The Times obituary described him as "a man of great physical courage" who "had the gift of making little fuss aout the details of life". Saying that he had lived to see many of his originally controversial views on diet and hygiene generally accepted, it concluded that "his loss will be deeply regretted by the thousands to whom his name is a household word".

== Bibliography ==
- 1887 – A short treatise on the cure of Diphtheria by small doses of sulphur.
- 1889 – Onions & Cress. [A description of their uses and properties.]
- 1906 – Help for Chronic Sufferers.
- 1908 – The "Microbe" as Friend and Foe.
- 1909 – The Cause and Cure of Consumption.
- 1910 – Indigestion, its Cause and Cure.
- 1911 – The Healthy Life Beverage Book.
- 1911 – A Common Stomach Trouble. (Stomach Trouble-dilated stomach.)
- 1913 – Rheumatism and allied ailments. Short chapters on rheumatism, the uric acid theory of disease, rheumatic fever and arthritis.
- 1913 – The Truth about Sugar.
- 1914 – The Truth about Vaccination: The Nature and Origin of Vaccine Lymph, and the Teachings of the New Bacteriology.
- 1915 – Blood and Superman.
- 1919 – Diabetes, its causes and treatment.
- 1919 – Why Our Teeth Decay (or Pyorrhea Unveiled).
- 1919 – The Spine in Relation to Health, with remedial spinal exercises.
- 1919 – The Lemon Cure.
- 1919 – The Salad Road to Health.
- 1919 – A First Aid to Internal Cleanliness.
- 1919 – Noises in the Head and Ear Troubles
- 1919 – Basic Diagnosis and Reconstructive Treatment, etc.
- 1920 – The Mischief of Milk.
- 1921 – Things that count in Diet.
- 1923 – The Right & Wrong Uses of Sugar.
- 1924 – The "Microbe" as Friend & Foe.
- 1924 – Small-Pox. A healing crisis and the truth about vaccination.
- 1925 – An Epitome of the "Nature Cure" System of Medicine.

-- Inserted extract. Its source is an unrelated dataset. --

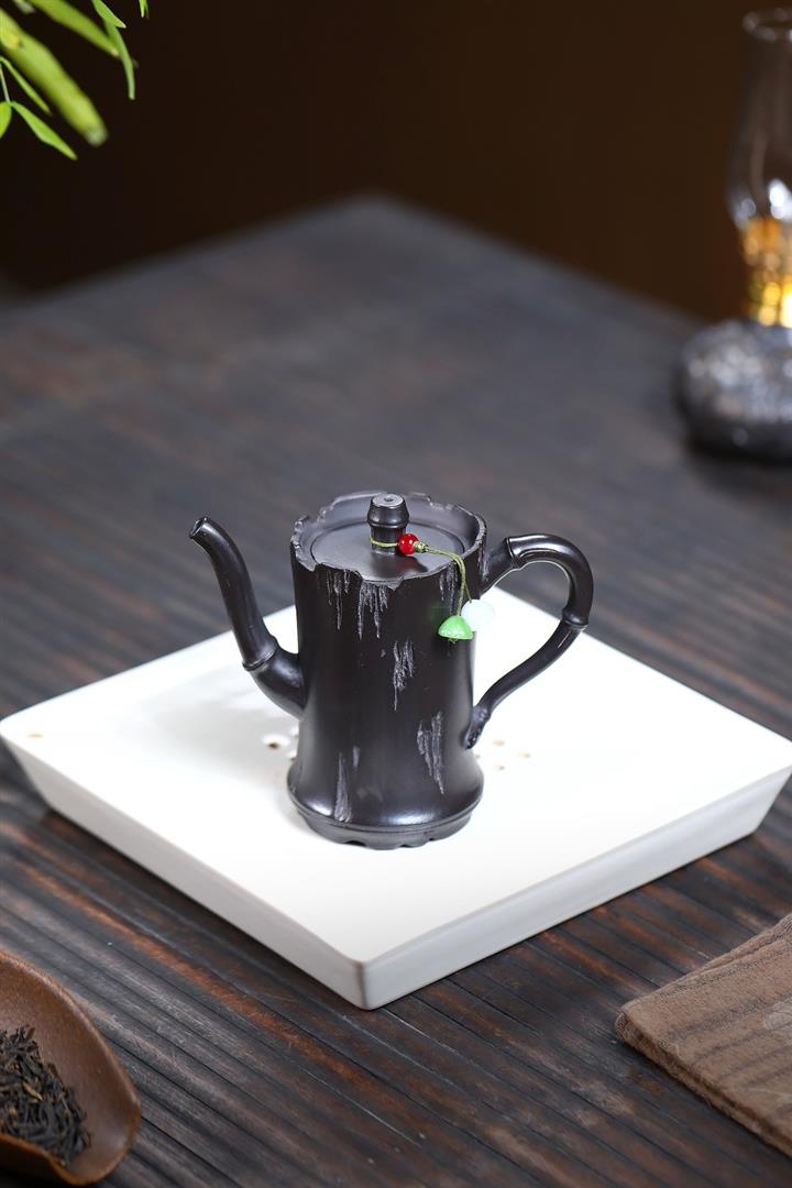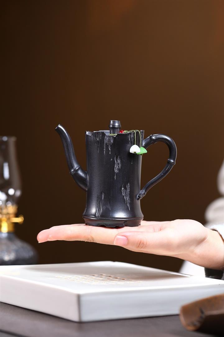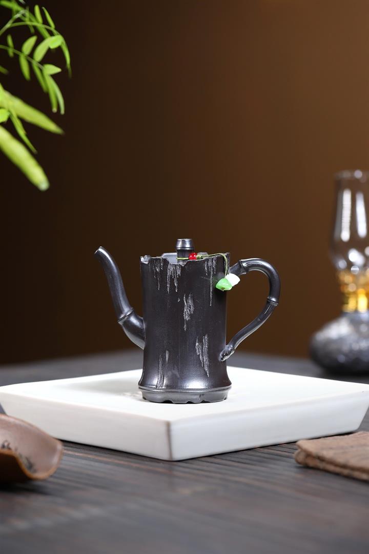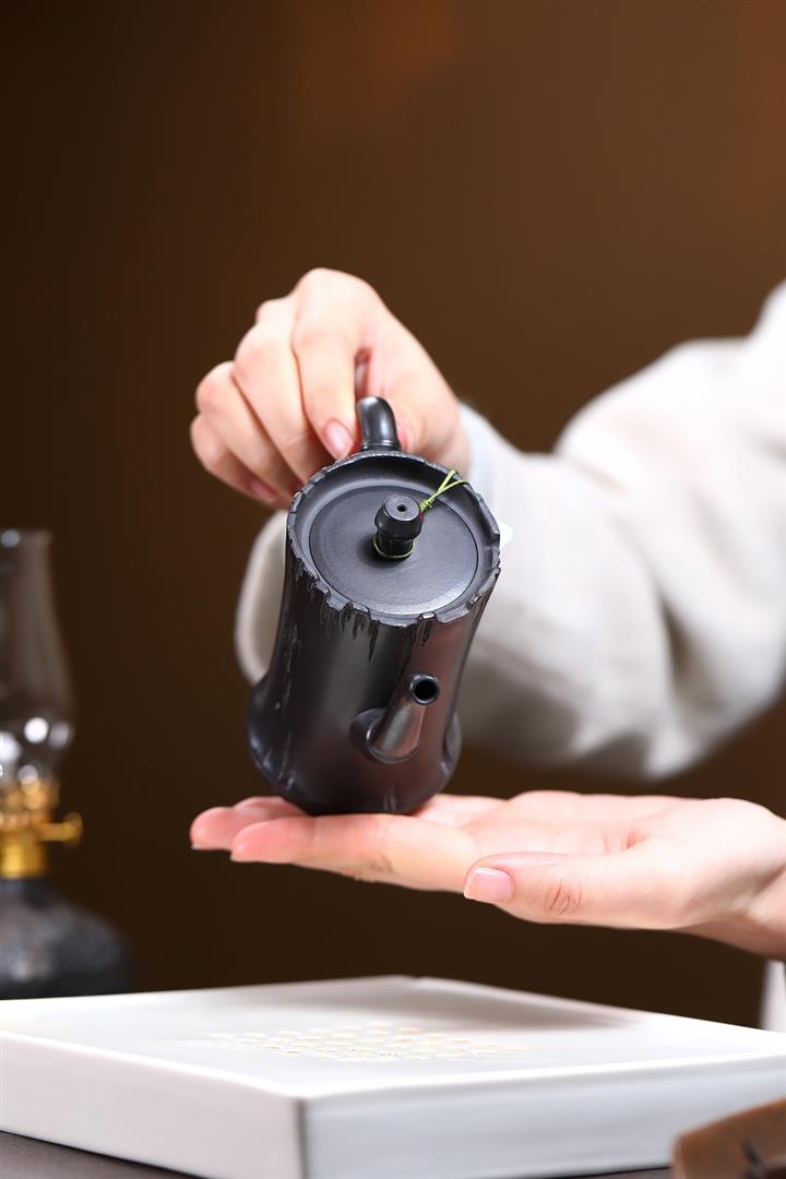 250cc原礦紅降坡虛懷竹影竹鼎泡茶壺POT9383

- 1926 – Consumption and Tomorrow.
- 1929 – The Story of Vitamins.
- 1930 – Potatoes as Food & Medicine.
- 1930 – The Cleansing Saline Fast.
- 1930 – The Misunderstood Microbe.
- 1931 – Safe & Easy Childbirth.
- 1931 – The Romance of Sugar.
- 1932 – How to Prevent Cancer, etc.
- 1933 – Our Daily Bread.
- 1934 – Epsom Salts. Its mysterious healing powers explained
- 1936 – Tea and Coffee in Relation to Health.